In the book Nusrat: The Voice of Faith, author and music scholar Pierre Alain-Baud notes that there were some concerns about the boy becoming the head of the family group at this point. He was intensely shy, partly because of his obesity, and was still only in the early stages of his own training.
But a number of mystical signs and dreams — including one in which the family’s patron Sufi saint, Khawaja Muhammad Dewan, appeared to his uncle and declared that Nusrat “would sing and be known the world over” — ensured his succession.
Under the guidance of that uncle, Mubarak Ali Khan, the teenager spent years in rigorous practice, honing his occasionally shrill voice into an instrument of raw power and fleet-footed flexibility.
Through the ’70s, Nusrat and his party rose rapidly to subcontinental stardom, earning praise from legends such as the Hindustani vocalist Roshan Ara Begum, poet Faiz Ahmad Faiz and filmmaker Raj Kapoor.
By the 1980s, Nusrat was performing regularly in the UK, where he had become a hit with the South Asian diaspora. Muhammad Ayub, founder of the music label Oriental Star Agencies, was releasing records of his music there too. It was Ayub who introduced the qawwal to former Genesis frontman Peter Gabriel, in 1985.
Gabriel invited Nusrat to perform at that year’s edition of the music festival WOMAD (World of Music, Arts and Dance), which he had launched three years earlier.
Nusrat and his party took the stage just before midnight and performed until 4 am, “leaving behind him an exhausted, haggard audience,” Alain-Baud writes.
“He opens with just one note of his voice, charging straight in, and you can hear the crowd go silent [on the recording],” The Guardian’s global music critic, Ammar Kalia, wrote in his account of the concert. “It was the first time that a lot of these British festival goers would have heard this kind of music live, and he just blew them away.”
Note quite done yet
The concert was a turning point in Nusrat’s career. In 1989, he became one of the first artists signed to Gabriel’s new label, Real World, which released his traditional qawwali album Shahen Shah in 1989 and the iconic qawwali-fusion record Mustt Mustt (a collaboration with Brook) in 1990.
Massive Attack’s remix of the title track became a club hit, helping propel him, and qawwali, into a global spotlight.
Soon, Nusrat’s distinctive voice was soaring in the background on soundtracks for films such as Natural Born Killers (1994; directed by Oliver Stone) and Dead Man Walking (1995; directed by Tim Robbins).
His music was being remixed by Asian stars such as Bally Sagoo and Talvin Singh. It was being cited as inspiration by Carlos Santana, Eddie Vedder and Jeff Beck.
Closer to home, his collaboration with Javed Akhtar on songs such as Koi Jane Koi Na Jane and Afreen Afreen made him a household name in India.
He earned multiple honours around the world, including two Grammy nominations, and toured relentlessly.
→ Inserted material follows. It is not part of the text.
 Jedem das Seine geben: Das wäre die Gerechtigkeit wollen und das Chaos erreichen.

His death, following a massive heart attack, was sudden and tragic but not really a surprise. He had been ill for years. There were accusations that he had been worked to death. Those who worked with him say he wouldn’t let up; he wanted to always be working, touring and singing too.
Decades on, it feels a little like he slipped through the cracks.
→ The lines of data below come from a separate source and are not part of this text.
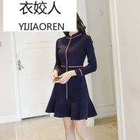 Kruidvat 奈琴尔2017春装新款V领镶钻鱼尾裙长袖修身连衣裙BT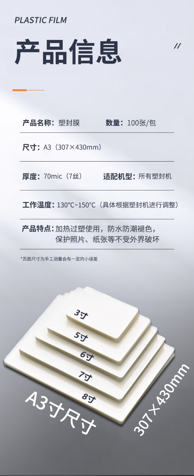 飞尔 塑封膜 照片过塑膜封塑膜 菜单热塑膜 文件过胶纸 树叶标本护卡膜 证件塑封机过塑纸覆膜纸 70min A3 100张/包 11包/箱 自营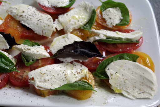 The perfect summer starter, a mix of heirloom tomatoes, fresh basil and fresh mozzarella. Try mixing different colors of tomato and basil for added visual appeal.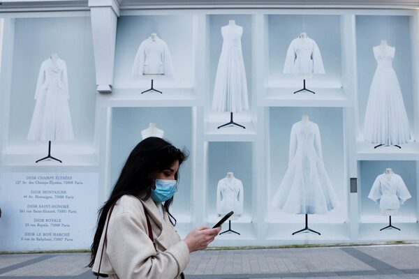 A woman wearing a protective face mask walks on the Champs Elysees Avenue in Paris amid the coronavirus disease outbreak in France, today.GONZALO FUENTES/Reuters

Born in a time just before the internet, his music is much-loved but there is little left of his story. The couple of books on him are out of print; the TV documentaries from the ’90s are obscure and little-known.
This inspired Bashir and her co-producer, Zakir Thaver, to spend years combing through footage and travelling the globe to meet the people who knew and worked with the Ustad.
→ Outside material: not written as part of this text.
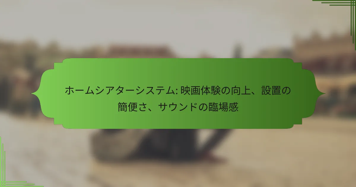 ホームシアターシステムは、家庭で映画館のような視聴体験を提供するための音響および映像機器のセットです。これにより、映画や音楽をより臨場感あふれる形で楽しむことができます。設置が簡便であれば、手軽に高品質なサウンド環境を整え、映画体験を大幅に向上させることが可能です。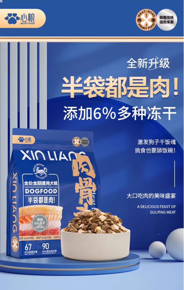 联系客服手工下单!心粮蓝袋肉骨头冻干狗粮2kg泰迪比熊小型犬中大型犬成犬全价鲜肉犬粮心粮蓝袋2kg小包装冻干多拼

That film is still about a year away, but until then, there are the four new songs. Click here to listen to his otherworldly voice swirl in jagged melismas over the tabla-and-harmonium grooves of Ya Allah Ya Rahman, and fill with raw spiritual yearning on Aj Sik Mitran Di. Listen to the nimble acrobatics over the constantly shifting rhythms of Ya Gaus Ya Meeran, as the song builds to its crescendo.
It is a precious final gift from one of the subcontinent’s most gifted maestros.